Northern cardinals, Cardinalis cardinalis, arguably are the most prominent of South Florida's songbirds. While the northern mockingbird certainly rivals them in voice, they're no match for the male cardinal's bright red plummage.
They're common anywhere you might care to go, deep into the woods, around town and all points in between as long as there are bushes or thickets to provide cover. Florida even has its own subspecies, C. cardinalis ssp. floridanus, found throughout most of the state. A second subspecies, C. cardinalis ssp. cardinalis, is found west of the Apalachicola River.
Both sexes are the same size, with a body length of about 9 inches and a wingspan of a foot. Males are brilliant red, with a black face mask. Females are more of a dull brown and have a less prominent mask. Both sexes share the tell-tale crest. Cardinals are one one of the few species of songbirds where the female is as vocal as the male, if not more so. Females will sing from the nest, and it's believed she's signaling the male on what kind of food to bring back with him. Cardinals often are heard before seen, but scan in the direction of the sound and you're likely to spot the source. Their songs are fairly distinctive, one of the easier birds to learn.

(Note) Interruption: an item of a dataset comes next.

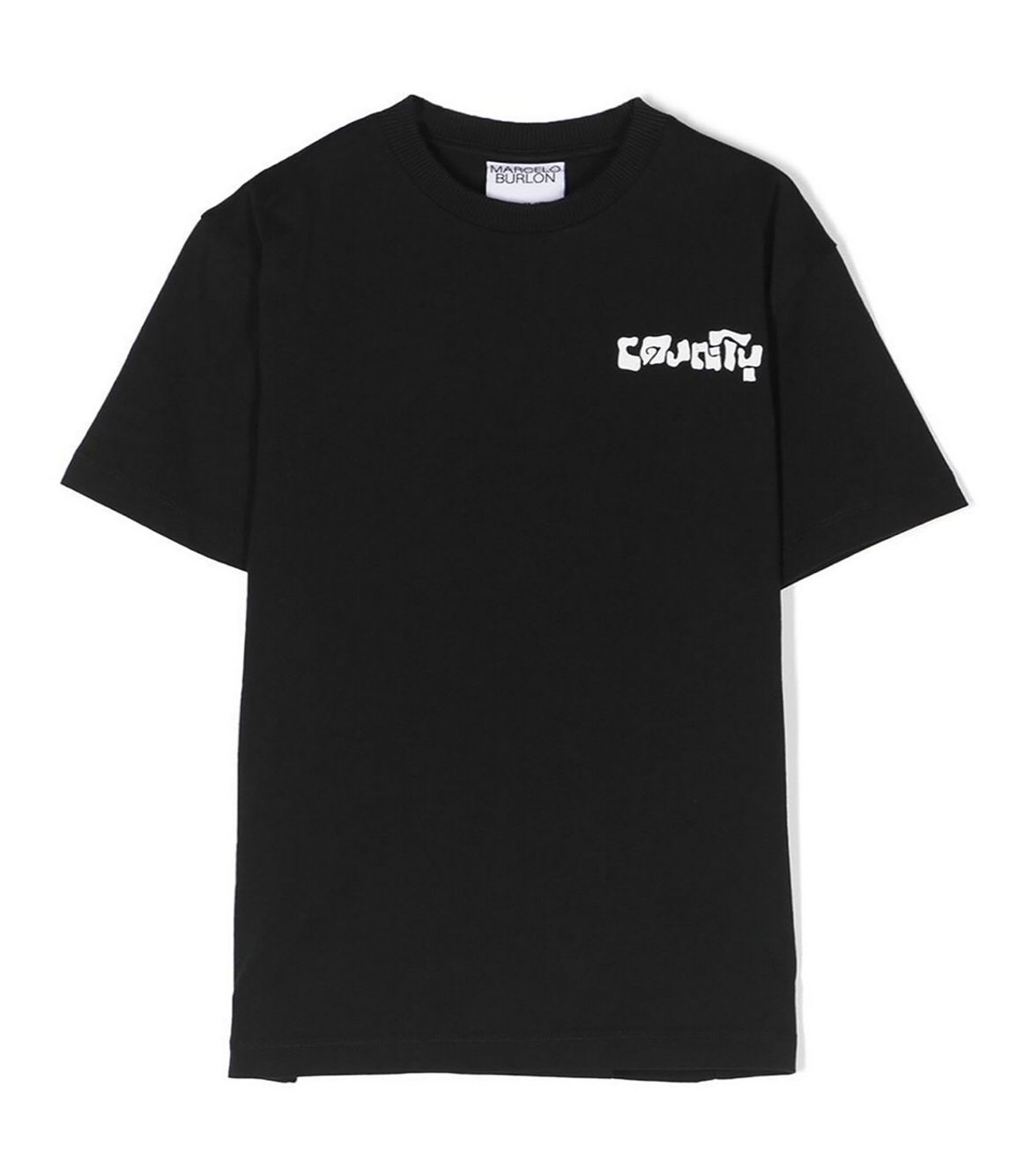T-shirt nera in cotone con stampa multicolor sul retro.
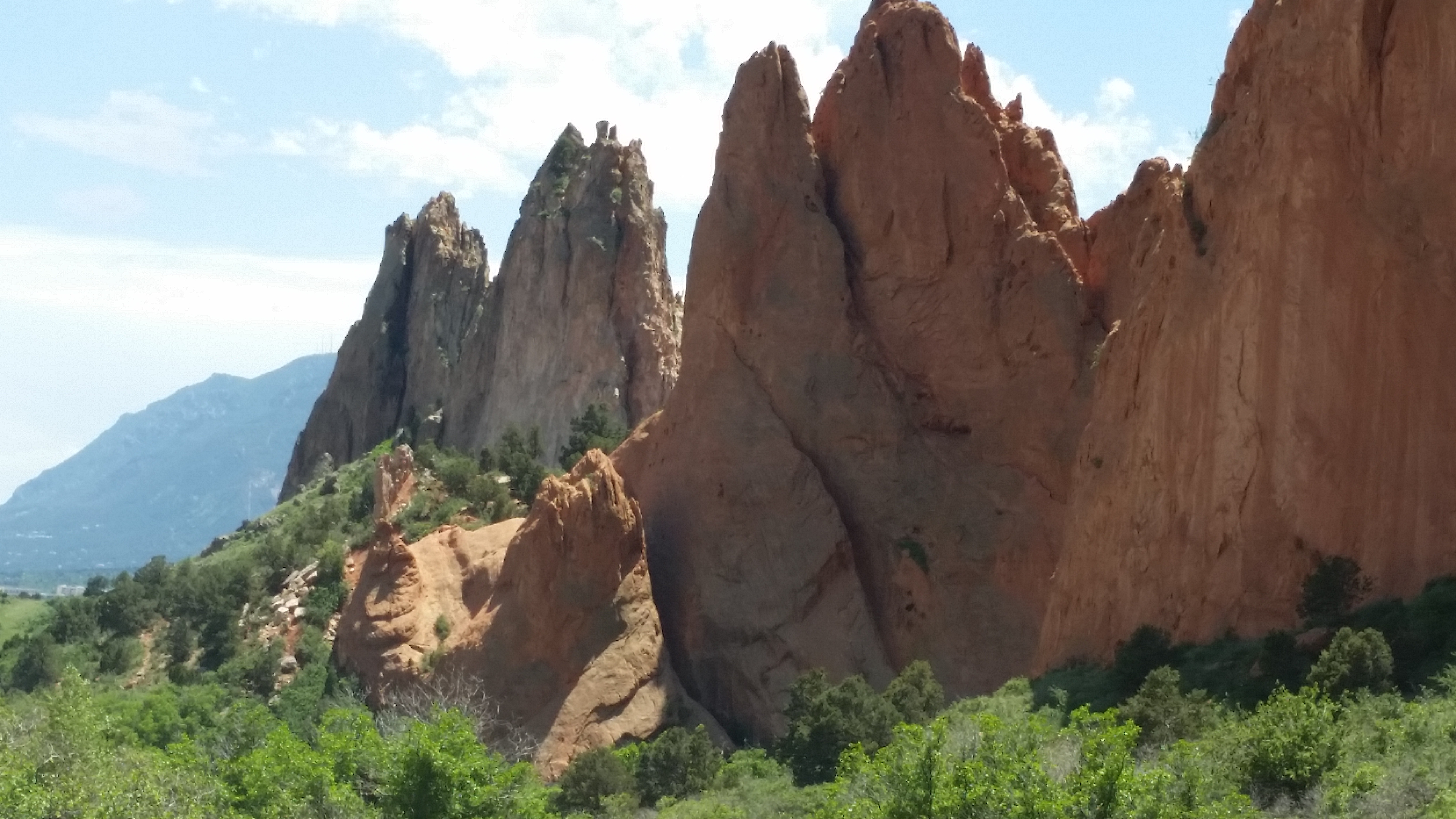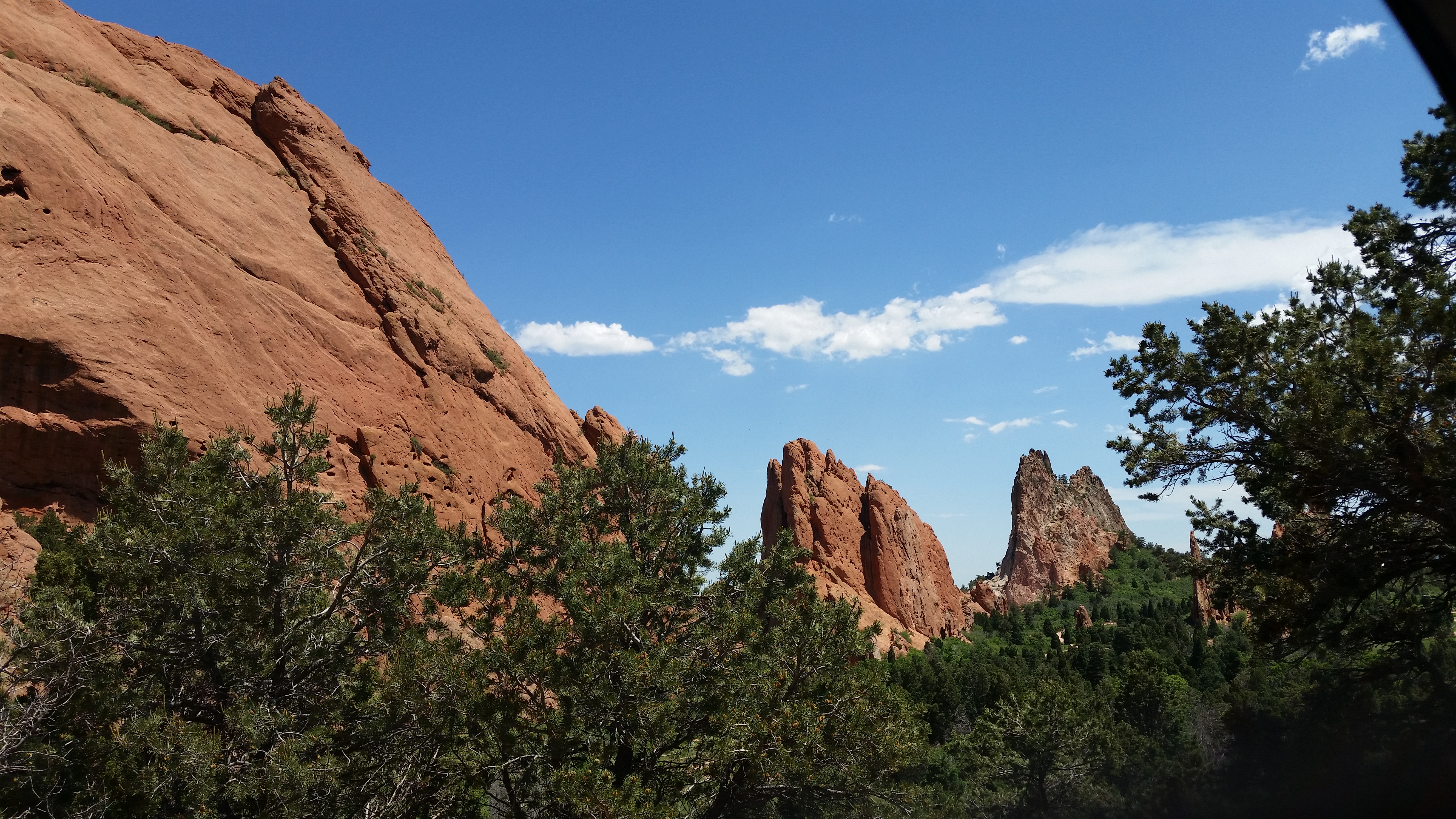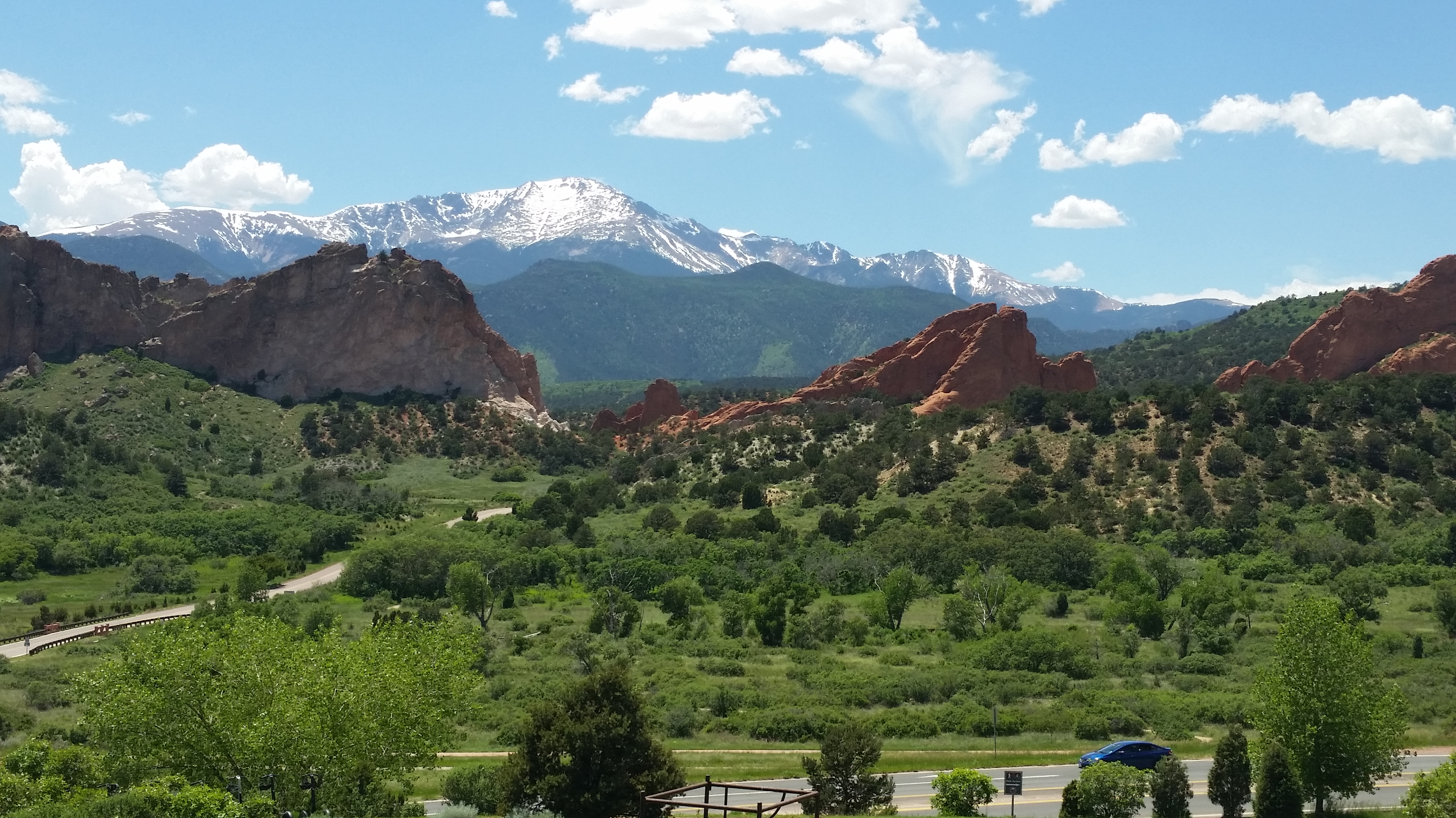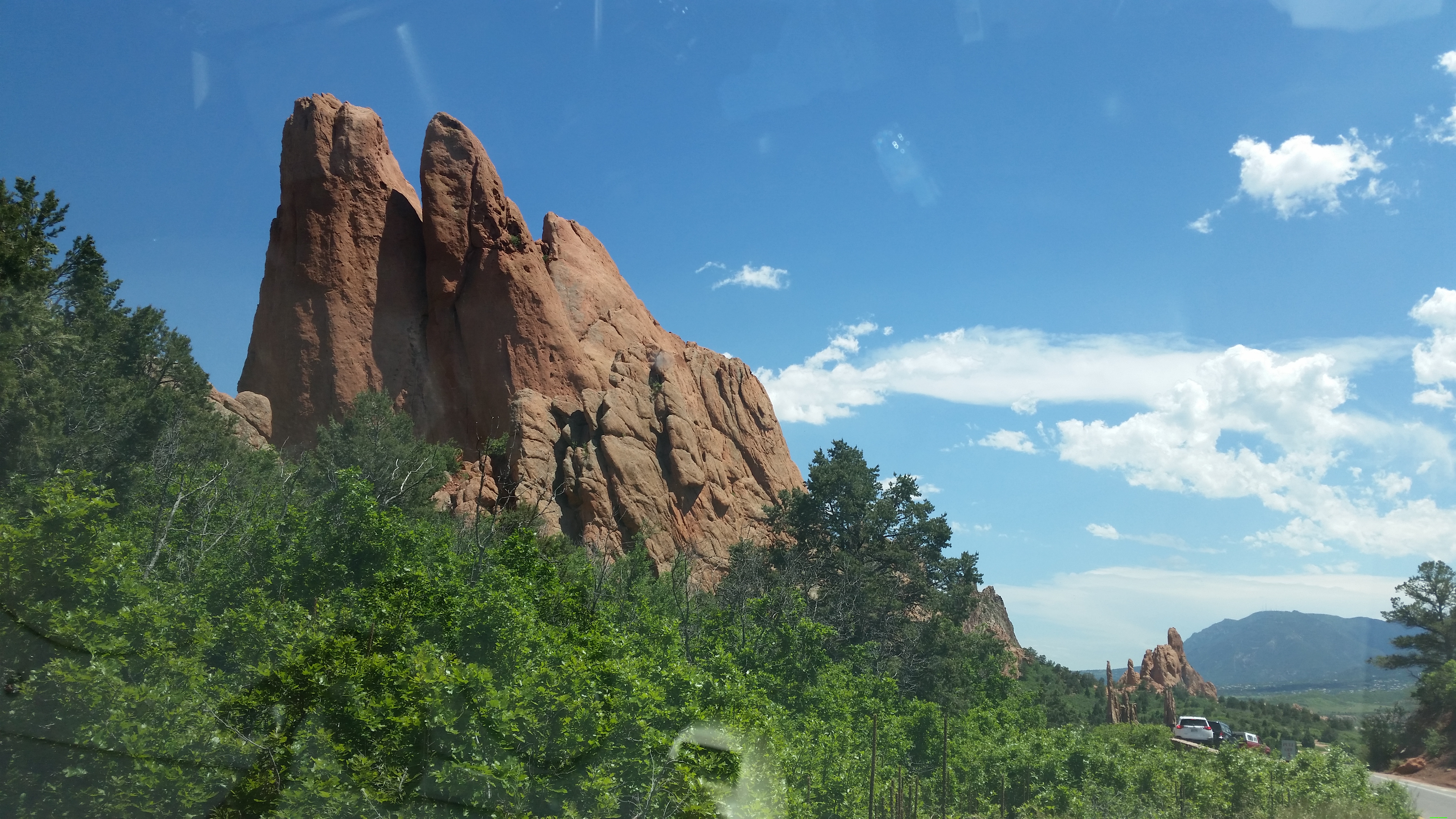 20150617_164941Next stop was the Garden of the Gods.  I believe there is only one God so the Garden’s name goes against that but it was a beautiful drive through the park. 20150617_132722Garden of the Gods Park is a registered National Natural Landmark. Imagine dramatic views, 300′ towering sandstone rock formations against a backdrop of snow-capped Pikes Peak and brilliant blue skies. This world class Visitor & Nature Center is the most visited attraction in this area.  It is a city park so visiting it was free.

Cardinals are year-round residents of Florida; in fact cardinals are not considered migratory at all even in the northernmost limits of their range. But the Florida Fish and Wildlife Conservation Commission notes that cardinal population in parts of the state, particularly the northwest, does seem to increase during winter. Northern cardinals are found throughout the eastern half of the U.S. into Canada. They're also found in Mexico and into Arizona.
The stout bill is a pretty good indicator of the kind of food cardinals eat — mostly nuts, seeds and fruit. They'll mix in the occasional bug during breeding season. Cardinals are territorial; males relentlessly patrols to keep intruders out. For a period in spring, they become extremely aggressive, so much so that they will attack their own reflections in a window or mirror and continue the fight for hours.
Both mates scout for a suitable site for nesting in brush, trees or tangled vines three to 12 feet off the ground. Females build a cup-like nest in the fork of small branches, hidden by dense foliage. Clutches can be as large as five eggs, typically three, and take as long as two weeks to hatch. The young fledge in less than two more weeks. Females do almost all of the sitting, but both parents feed their offspring. A pair will have one or two broods a year; in Florida, a third brood is possible, according to the FWC. Mom might leave early to begin the next brood while dad finishes rearing the extant brood.
There are actually 19 recognized subspecies of cardinal; in 2014 one scientist actually proposed dividing cardinals into six separate species based on DNA evidence. But the American Ornithologist's Union so far has rejected the idea because other factors, such as song patterns, weren't studied enough. More research is being done that could change that.
Northern cardinals are members of Cardinalidae, a family that also includes tanagers, grosbeaks and buntings.